02-03-2015 12:23 PM
I'm trying to use the Query Builder to write a percentile (PCTL) function pseudo-manually, where I want to use a column of data from my data set in the expression (since the PTCL function requires the raw data from which you want to calculate the percentile). [Note: I'm finding the 25th percentile in this example, which I know can be done in other ways in EG, but I am wondering about this in general for percentiles not "offered" by Summary Statistics in the Tasks > Describe menu. It also applies to using the raw data in the Query Builder in general.]
To do this, I do the following:
I can't have this if I want to calculate something like a percentile - I need all of the data, not just distinct values!

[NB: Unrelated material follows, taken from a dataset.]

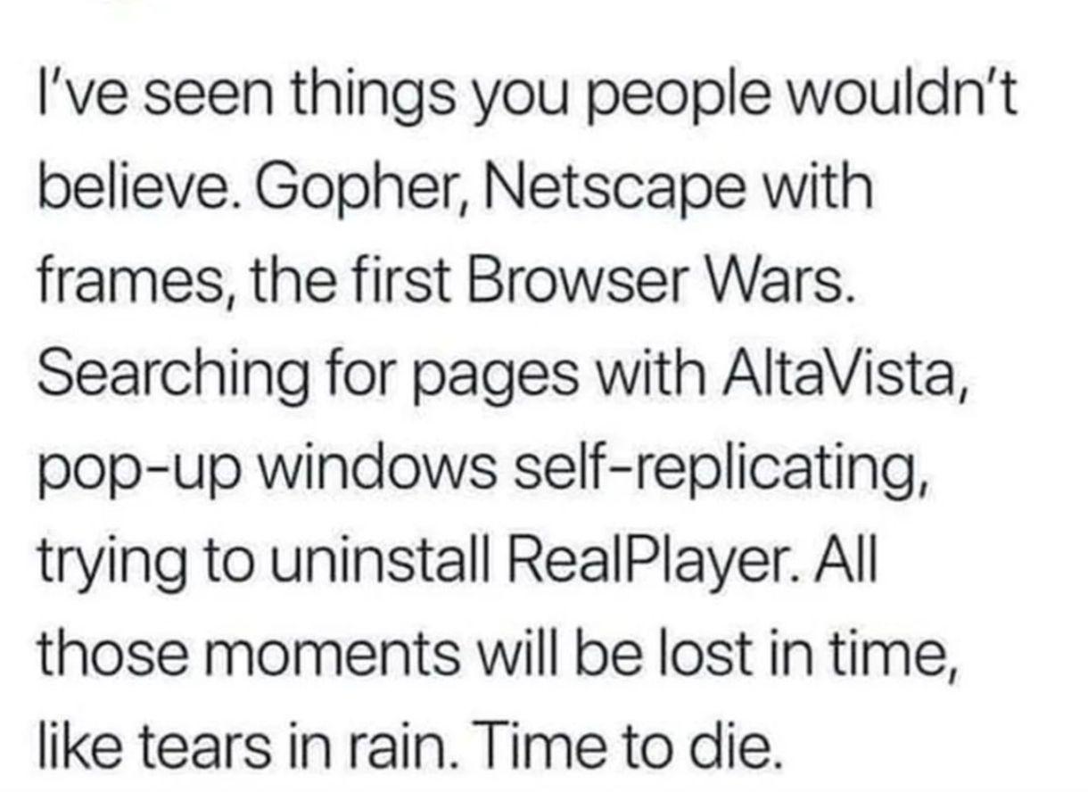 @sjvn AltaVista was brilliant, mainly because in the early 90s the internet was full of useful websites. So a search engine did not have to be sophisticated to return relevant results.

Why does it do this? Is there a way to change this?
Any help would be greatly (greatly) appreciated.
02-03-2015 12:38 PM
I think you're using it in a way not intended. That list is intend for WHERE or IF clauses so having a unique list makes sense and I doubt there's a way to change it.
I wouldn't recommend this method of calculating percentiles, it would be difficult to maintain, explain or follow for anyone else.
02-03-2015 12:43 PM
Not intended and unconventional. Generally, the purpose is to reference data sets, and variables not to include the raw data.
If you want to go this route add a step that selects all the values into a macro variable and use that in your function.
02-03-2015 12:50 PM
Okay. Thanks for letting me know. I'm not an EG user (I code in SAS), but am trying to use it for my intro stats class and it just seems intuitive to me that when you pull a variable over into the Query Builder that it should use that data as-is, or at least allow that option (especially when all functions, including those that require raw data, such as PCTL, are included in its menu in the Advanced Expression window), but it appears I don't understand the purpose of the Query Builder holistically.
I'm going to skip introducing them to Query Builder at this point and just wait until we use functions that don't require raw data (like finding p-values based on a test statistic from a known distribution).
02-03-2015 12:55 PM
Query Builder essentially builds SQL code.
I'm sure you know, but some functions in SAS, such as PCTL, MEDIAN don't work in SAS SQL on a variable, they work across rows.
You could transpose the data (Transpose Step) and then use the values that way though it seems like more work than writing some SAS code, i.e. proc univariate.